(Dataset entries)
BEGIN

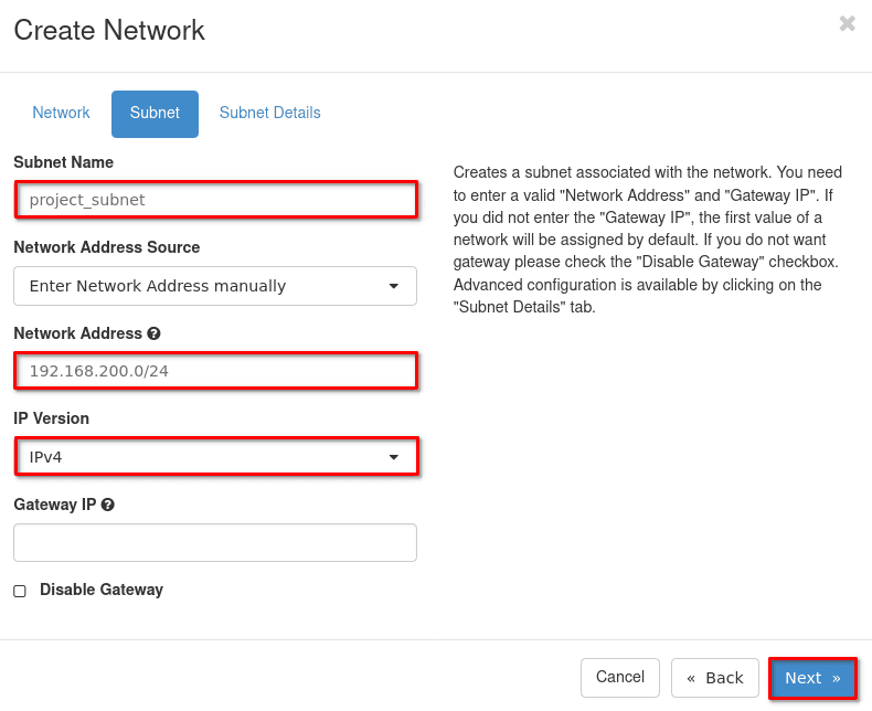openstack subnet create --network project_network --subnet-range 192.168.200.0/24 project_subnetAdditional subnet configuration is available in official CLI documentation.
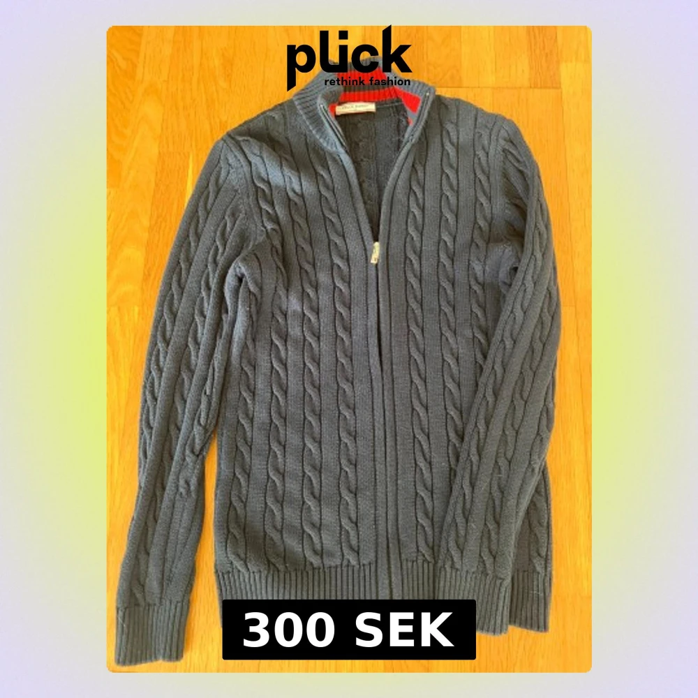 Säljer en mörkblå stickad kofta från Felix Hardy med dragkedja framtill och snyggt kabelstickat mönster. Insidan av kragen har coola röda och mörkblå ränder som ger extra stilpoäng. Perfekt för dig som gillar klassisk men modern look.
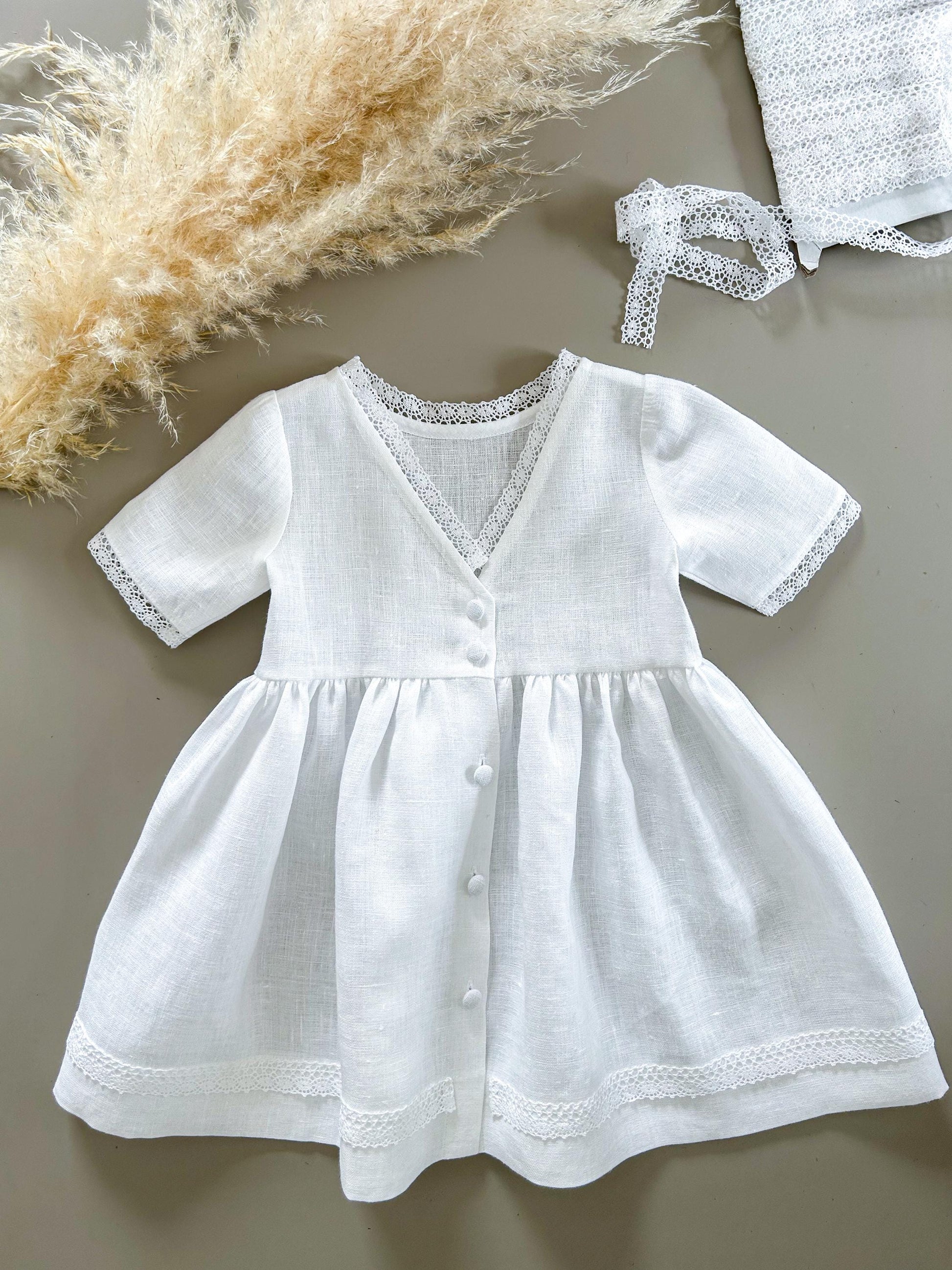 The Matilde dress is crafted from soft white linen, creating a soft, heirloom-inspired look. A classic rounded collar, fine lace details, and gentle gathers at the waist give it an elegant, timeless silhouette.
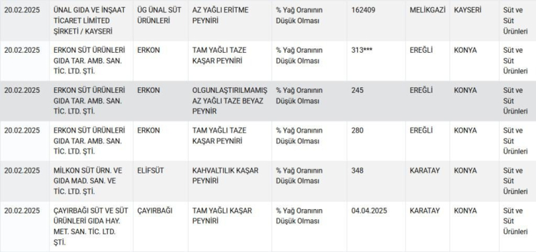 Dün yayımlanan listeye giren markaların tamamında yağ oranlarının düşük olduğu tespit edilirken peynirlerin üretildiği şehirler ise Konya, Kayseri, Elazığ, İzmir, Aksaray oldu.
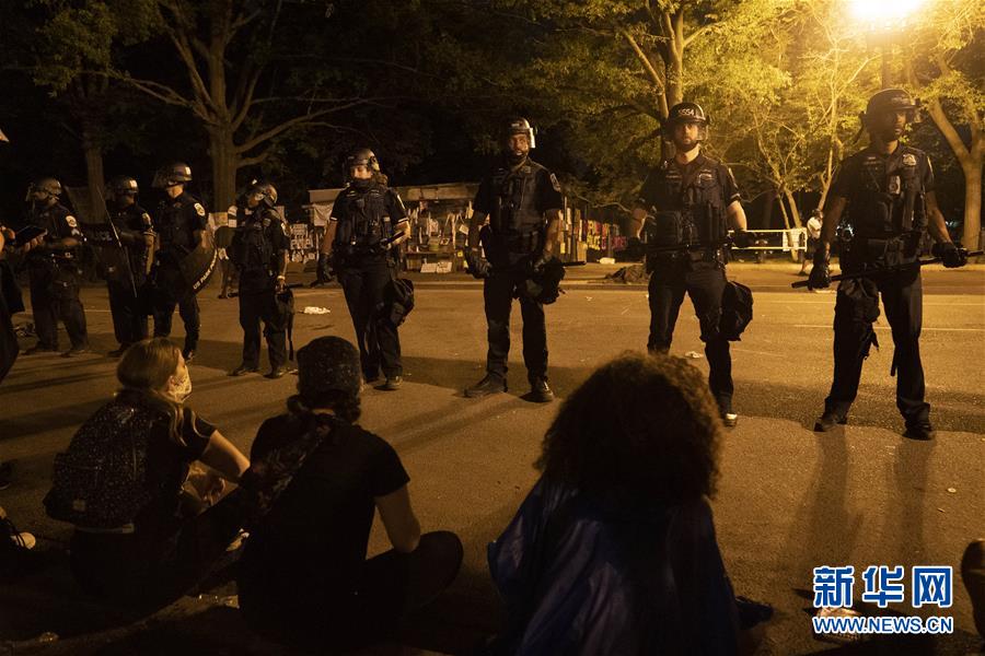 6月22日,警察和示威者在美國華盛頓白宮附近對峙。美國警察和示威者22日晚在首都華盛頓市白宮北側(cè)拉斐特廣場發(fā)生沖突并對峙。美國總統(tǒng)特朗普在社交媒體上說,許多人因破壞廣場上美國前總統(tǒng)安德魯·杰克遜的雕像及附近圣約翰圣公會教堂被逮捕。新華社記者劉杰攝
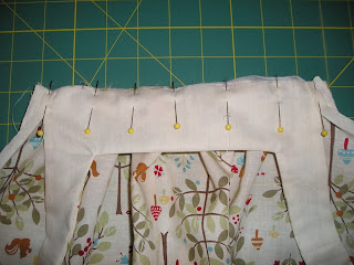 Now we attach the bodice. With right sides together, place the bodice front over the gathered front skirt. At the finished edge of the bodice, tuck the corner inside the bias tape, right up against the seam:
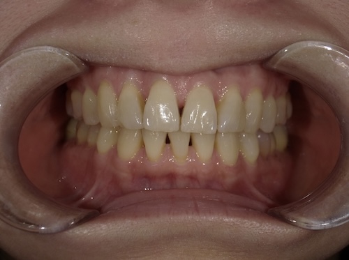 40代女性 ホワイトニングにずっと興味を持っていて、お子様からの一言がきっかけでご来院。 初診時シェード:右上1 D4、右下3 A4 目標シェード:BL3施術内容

END

#### EXERCISE INSTRUCTIONS:
From the first line to the last, retype the entries above exactly, minus the pictures.

#### RESULT OF THE TASK:
openstack subnet create --network project_network --subnet-range 192.168.200.0/24 project_subnetAdditional subnet configuration is available in official CLI documentation.
 Säljer en mörkblå stickad kofta från Felix Hardy med dragkedja framtill och snyggt kabelstickat mönster. Insidan av kragen har coola röda och mörkblå ränder som ger extra stilpoäng. Perfekt för dig som gillar klassisk men modern look.
 The Matilde dress is crafted from soft white linen, creating a soft, heirloom-inspired look. A classic rounded collar, fine lace details, and gentle gathers at the waist give it an elegant, timeless silhouette.
 Dün yayımlanan listeye giren markaların tamamında yağ oranlarının düşük olduğu tespit edilirken peynirlerin üretildiği şehirler ise Konya, Kayseri, Elazığ, İzmir, Aksaray oldu.
 6月22日,警察和示威者在美國華盛頓白宮附近對峙。美國警察和示威者22日晚在首都華盛頓市白宮北側(cè)拉斐特廣場發(fā)生沖突并對峙。美國總統(tǒng)特朗普在社交媒體上說,許多人因破壞廣場上美國前總統(tǒng)安德魯·杰克遜的雕像及附近圣約翰圣公會教堂被逮捕。新華社記者劉杰攝
 Now we attach the bodice. With right sides together, place the bodice front over the gathered front skirt. At the finished edge of the bodice, tuck the corner inside the bias tape, right up against the seam:
 40代女性 ホワイトニングにずっと興味を持っていて、お子様からの一言がきっかけでご来院。 初診時シェード:右上1 D4、右下3 A4 目標シェード:BL3施術内容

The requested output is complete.